Data Mining as an Audit Tool

fcohen100Data mining is both an art and science. Roughly stated, the purpose is to extract useful information from data. Data mining has been used for many years and in a number of different ways, however it is only recently, with the advent of more powerful computers and more powerful software languages, that the practice has made significant gains in popularity - particularly when it comes to mining large databases.

Also known as predictive analytics, it is this set of methodologies that allows to recommend purchases based on what you have purchased from them (and often, from other vendors) in the past. It is predictive analytics that allows a seller to tell you that "customers who purchased this item also purchased that item."

Using data mining techniques, lenders are able to determine the probability that someone will default on a loan, allowing them to adjust interest rates based on risk. Predictive analytics also is used to conduct credit card fraud analysis in real time. I am sure that many of you at some point have received a call from your credit card company asking you to validate a "suspicious" purchase.

Issues at the Pump

Recently I went to a gas station I go to quite often to fill up, and as I usually do, I swiped my credit card at the pump. For some reason, the gas was coming out very slowly; it took more than a minute just to pump one gallon of gas, so I finished the transaction and went across the street to another gas station. This time, when I swiped my card the transaction was denied, and I had to use another credit card. Several minutes later I got a call from my credit card company asking me to verify that I had indeed attempted a purchase at that second gas station. How in the world could they have responded that quickly? Well, I conduct hundreds if not thousands of transactions a year, and when it comes to gas, when I am home they know that I normally purchase from one location.

Secondly, I rarely (if ever) purchase a gallon of gas from one location and then, within minutes, attempt to purchase gas again from another location. In this case, the credit card company used some predictive analytical algorithm to score my purchase with regard to fraud risk, and it scored high enough to invoke some action (such as putting the account on hold until I could verify the purchase). It's pretty cool stuff, actually.

The Application of Data Mining

I use data mining a lot in my work. It allows me to predict who is most likely to be an end user of my services, making my marketing efforts more efficient. In one recent case, we used data mining in order to determine the probability that a particular claim would be denied by a particular payer, giving us the opportunity to review charts in advance of billing. Regarding possible pending audits, we see potential for the use of data mining techniques, including predictive analytics, to identify "bad" claims (as defined by CMS).
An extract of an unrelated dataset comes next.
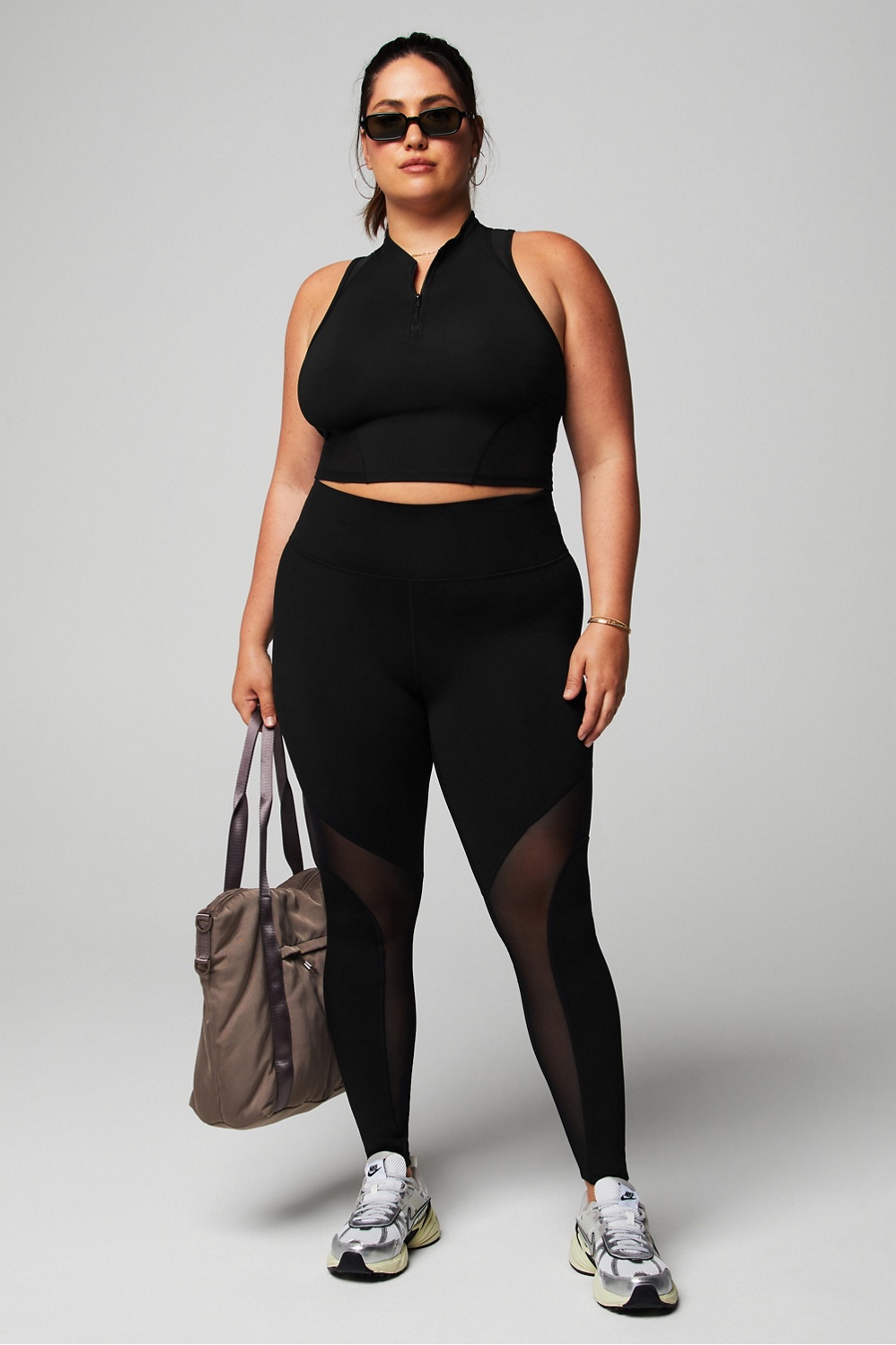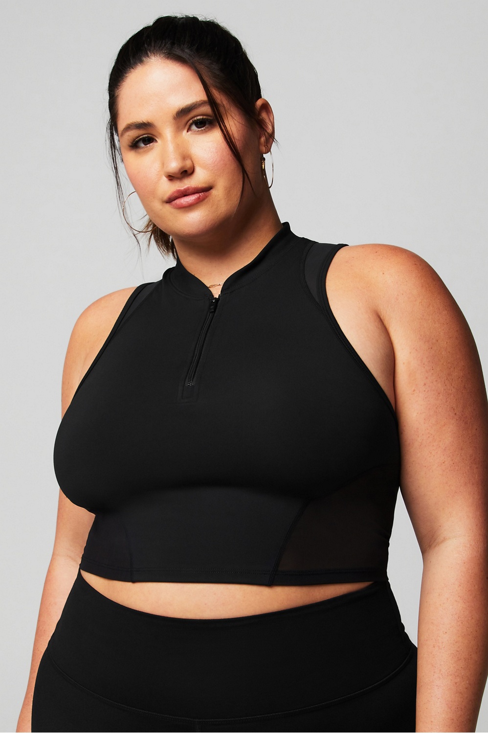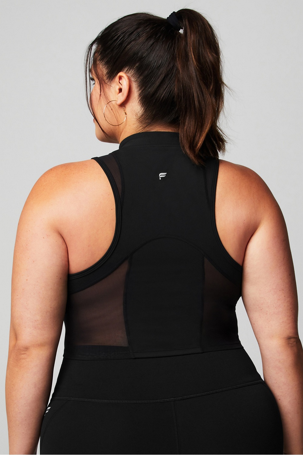 Heatwave layering essential. At the gym or on a run, throw this breathable mockneck tank over your fave sports bra and go. With cooling mesh and recycled fabric, this style is a warm weather must-have.

Let's take a look at CERT as an example. In the most recent CERT study, it was reported that 4.5 percent of the reviewed claims were considered overpaid due to lack of medical necessity. Determination of a medical necessity denial (or overpayment) normally is defined based on documentation contained within a chart, however there are other factors that come into play. Let's say that a patient comes to the office complaining of a runny nose, itchy eyes and other symptoms that result in a diagnosis of seasonal rhinitis (ICD-9 code 477.0). Now let's say the provider codes the patient with a 99204, the second-highest level of new office visit. An audit very well may support that level of visit based on the documentation guidelines; the auditor, however, might question whether that level of E/M code (complexity of DDx) is commensurate with the level of complexity of the diagnosis. In this case, it is likely that this claim line would result in a denial due to lack of medical necessity.

Understand the issue here: there is a direct relationship between the documentation and the procedure code and the documentation and the diagnosis code, but unfortunately there is not a nexus between the procedure code and the diagnosis code - and this is where the issue of medical necessity rears its highly judgmental and elastic head.

Predicting Claims Subject to Audit

So, then, how could we possibly know ahead of time what claims have the greatest probability of being subjected to a medical necessity review? Here is where I employ predictive analytics. To start I would access the 4,500 or so claims that were determined to have been overpaid. Next I would divide the database in half. Then I would take the first group of 2,250 claims and run them through a data mining program, training a number of different algorithms. Then I would run the other 2,250 claims through these trained algorithms to see which predicted the medical necessity outcome most accurately. What I have gained now is the ability to take all of the claims from your office, run them through my data mining algorithm and spit out the claims that are most likely to be audited for medical necessity. By extension, I have created a model that uses probability to predict the likelihood that any particular claim will be subject to an audit.  Pretty cool, huh?